From the Bonneville Salt Flats in Utah to the Salar de Uyuni in Bolivia, salt deserts around the world have become popular tourist destinations—vast, seemingly featureless, impossibly photogenic natural wonders. Although not all salt deserts are created the same, they appear to share a strange feature: what can be described as honeycomb-like patterns composed of low ridges emerging from the salty crust. The mechanism behind these mysterious polygons has had scientists scratching their heads for some time, with several hypotheses coming up short in providing a complete explanation for their ubiquity and regularity.

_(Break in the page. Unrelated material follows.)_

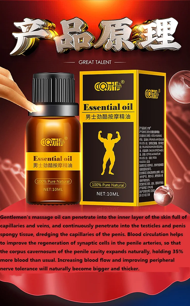 Массажное масло джентльмена может проникать во внутренний слой кожи, полный капилляров и вен, и непрерывно проникать в яички и губку пениса, дноуглубляя капилляры пениса. Кровообращение помогает улучшить регенерацию синаптических клеток в артериях пениса, так что корпус каверносума пенисной полости расширяется естественным образом, удерживая на 35% больше крови, чем обычно. Увеличение кровотока и улучшение периферического нерва, естественно, станет больше и толще.
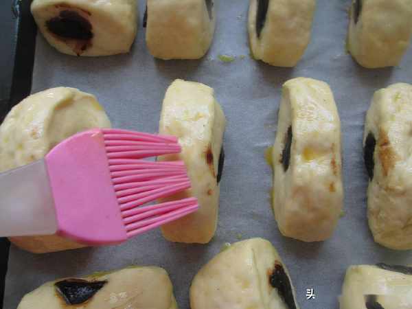 8,放到烤盤上二次發酵約30分鐘,刷上蛋液

But now scientists seem closer to an answer. With researchers from Germany and England, Jana Lasser from the Institute of Interactive Systems and Data Science at Graz University of Technology (TU Graz) in Austria published a study in the journal Physical Review X showing how the flow of salty water under the surface is responsible for the mindbending patterns.
Salt deserts (also called salt flats or salt pans) form when a shallow, enclosed body of water evaporates in a place with little precipitation, such as a desert, leaving a flat surface of minerals behind, which can accumulate over thousands of years.

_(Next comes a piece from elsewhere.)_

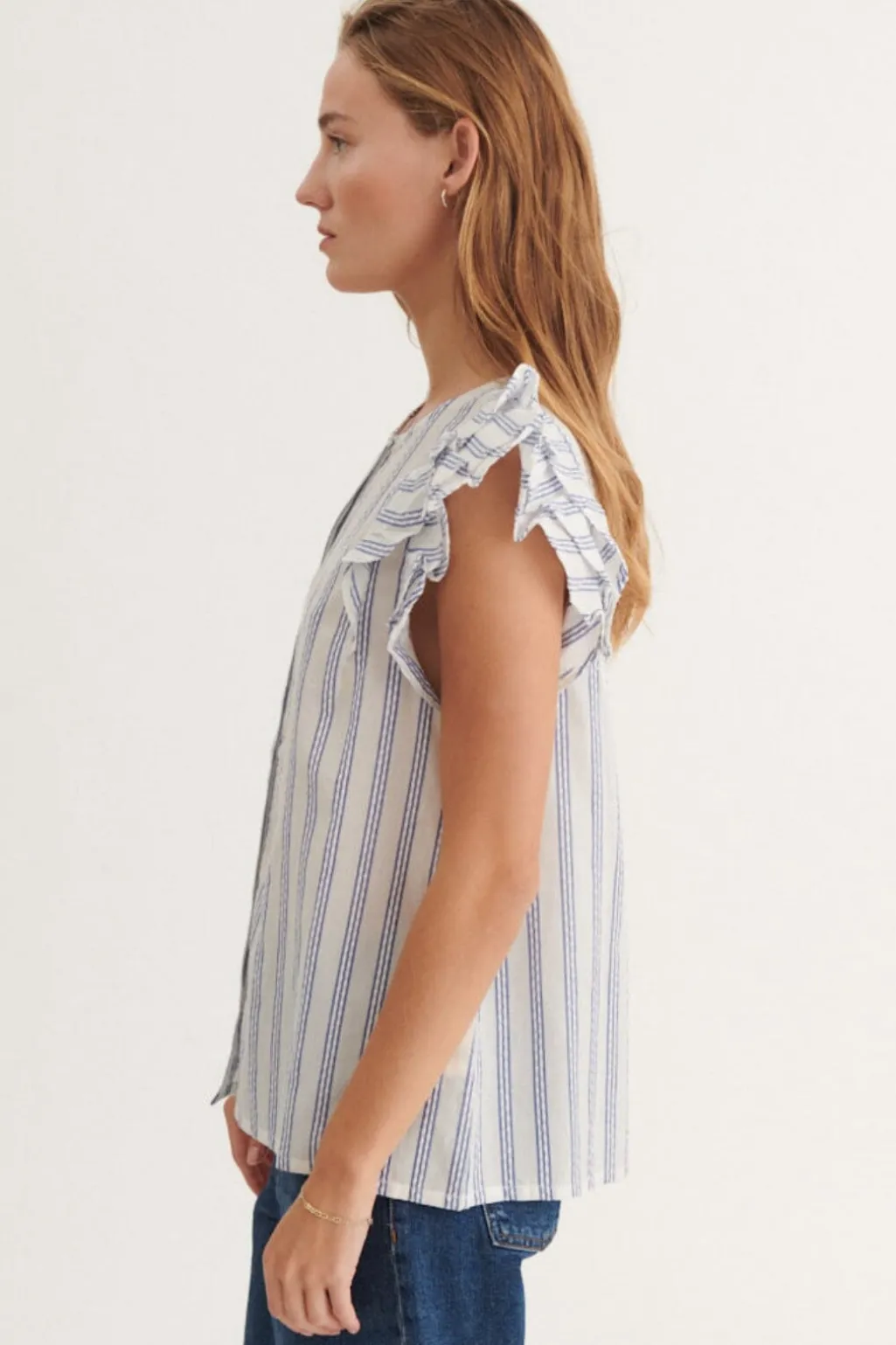 Stribet skjorte fra Basic Apparel i mørkeblå og hvide striber. Den ærmeløse model har rynkede flæser ved ærmegabene og en rund halsudskæring.

Lasser, a postdoctoral researcher at the TU Graz, was first introduced to salt deserts by her PhD supervisor Lucas Goehring, a physicist at Nottingham Trent University in England. “When he advertised the project, I became fascinated because during my bachelor’s and master’s I was doing theoretical physics programming, and I really wanted to explore the experimental side of physics,” she says. This project allowed her to actually go “see things in the wild.”
A couple hypotheses had been floated over the years about why these flat areas develop the crusty honeycomb shapes. One of them attributed the patterns to cracks that form as the ground surface dried. “The idea was that the surface would dry up and crack to relieve stress,” says Lasser. “And the mineral-rich water would well up in those cracks,” leaving ridges of salt crystals behind. A competing hypothesis posited that the edges of cracks might push upward to form the ridges.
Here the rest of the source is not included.